Broccolini, Aspabroc, or baby broccoli, is a green vegetable similar to broccoli but with smaller florets and longer, thin stalks. It is a hybrid of broccoli and gai lan (which is sometimes referred to as "Chinese kale" or "Chinese broccoli"), both cultivar groups of Brassica oleracea. The name Broccolini is a registered trademark of Mann Packing.

History 
Broccolini was originally developed over eight years by the Sakata Seed Company of Yokohama, Japan as a hybrid of broccoli and Chinese broccoli, rather than being the product of genetic modification. It was developed to create a milder-tasting vegetable which could grow in hotter climates than broccoli, to expand Sakata's broccoli market.

Sakata partnered with Sanbon Incorporated in 1994 to begin growing the product commercially in Mexico under the name Asparation, implying a similarity to asparagus due to its slim, edible stem. After first becoming available in US markets in 1996, in 1998, Sakata began a partnership with Mann Packing Company in Salinas, California and marketed the product as Broccolini.

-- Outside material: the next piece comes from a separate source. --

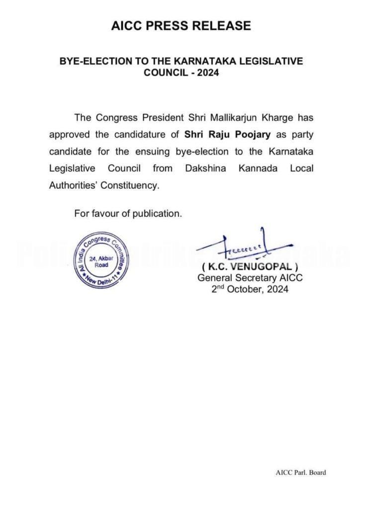 ರಾಜು ಪೂಜಾರಿ ಅವರನ್ನು ಅಭ್ಯರ್ಥಿಯನ್ನಾಗಿ ಆಯ್ಕೆಗೆ ಎಐಸಿಸಿ ಅಧ್ಯಕ್ಷ ಮಲ್ಲಿಕಾರ್ಜುನ ಖರ್ಗೆ ಅವರು ಅನುಮೋದನೆ ನೀಡಿರುವುದಾಗಿ ಎಐಸಿಸಿ ಪ್ರಧಾನ ಕಾರ್ಯದರ್ಶಿ ಕೆ.ಸಿ.ವೇಣುಗೋಪಾಲ್ ಪ್ರಕಟನೆಯಲ್ಲಿ ತಿಳಿಸಿದ್ದಾರೆ. ಈಗಾಗಲೇ ಬಿಜೆಪಿ ಸಹ ತನ್ನ ಅಭ್ಯರ್ಥಿಯನ್ನು ಕಿಶೋರ್ ಕುಮಾರ್ ಪುತ್ತೂರ್ಗೆ ಟಿಕೆಟ್ ನೀಡಲಾಗಿದ್ದು, ಇದೇ ಅಕ್ಟೋಬರ್ 21ರಂದು ದಕ್ಷಿಣ ಕನ್ನಡ ಹಾಗೂ ಉಡುಪಿ ಜಿಲ್ಲೆಯ ಸ್ಥಳೀಯ ಸಂಸ್ಥೆಗಳನ್ನು ಪ್ರತಿನಿಧಿಸುವ ವಿಧಾನ ಪರಿಷತ್ ಸ್ಥಾನದ ಮರು ಚುನಾವಣೆ ಅ.21 ರಂದು ಉಪಚುನಾವಣೆ ನಡೆಯಲಿದೆ.

New forms of Broccolini continue to be developed, including purple broccolini.

Description 
Broccolini has a similar structure to sprouting-type broccoli. It grows to , with a slender elongated stem that is  long. It is annual or biennial, herbaceous, and glabrous.

Consumption 
The entire vegetable (leaves, young stems, unopened flower shoots, and flowers) is consumable. Its flavor is sweet, with notes of both broccoli and asparagus, although it is not closely related to the latter.

Common cooking methods include sautéing, steaming, boiling, and stir frying. According to a 2005 study assessing how Australians cooked broccolini, the majority used steaming, with less stir-frying, and a small minority ate it raw or in a salad.

Nutrition 
Broccolini is a source of vitamin A, vitamin C and vitamin K, folate and glucosinolates.

Broccolini contains a similar profile of phenolic acids to other vegetables in the Brassica family, most notably containing flavonoids. Research into flavonoids in broccolini leaves has suggested they can inhibit the growth of some cancers. Such research has found that common cooking methods reduce broccolini's phenolic acid content, particularly boiling.

Production

Climate 
Broccolini grows in cool climates and is intolerant of extreme climates. It is more sensitive to cold temperatures than broccoli but less sensitive to hot temperatures.

Growth and distribution
Broccolini takes 50–60 days to grow after being transplanted. It is harvested when the heads are fully developed but are not flowering. By cutting off the head, the harvest time is extended as new side shoots of smaller heads will grow.  Unlike other cruciferous vegetables, which are harvested once per growth cycle, broccolini is harvested 3-5 times in a growth cycle, depending on growing conditions. Further unlike broccoli, the stalk is inedible, rather, the side shoots are harvested and consumed.

After being harvested, the produce is cooled to 0 °C, preventing the flower heads developing to maintain quality. Shelf life can be further extended with the use of modified atmosphere packaging.

In the US, broccolini is grown in California during Summer and Arizona during Winter.

Produce reference
The International Federation for Produce Standards assigns it the price look-up code 3277, "baby broccoli". It is also known as asparation, asparations, "sweet baby broccoli", broccoletti, and broccolette "Italian Sprouting broccoli". It is sold under the registered trademarks Bimi and Tenderstem.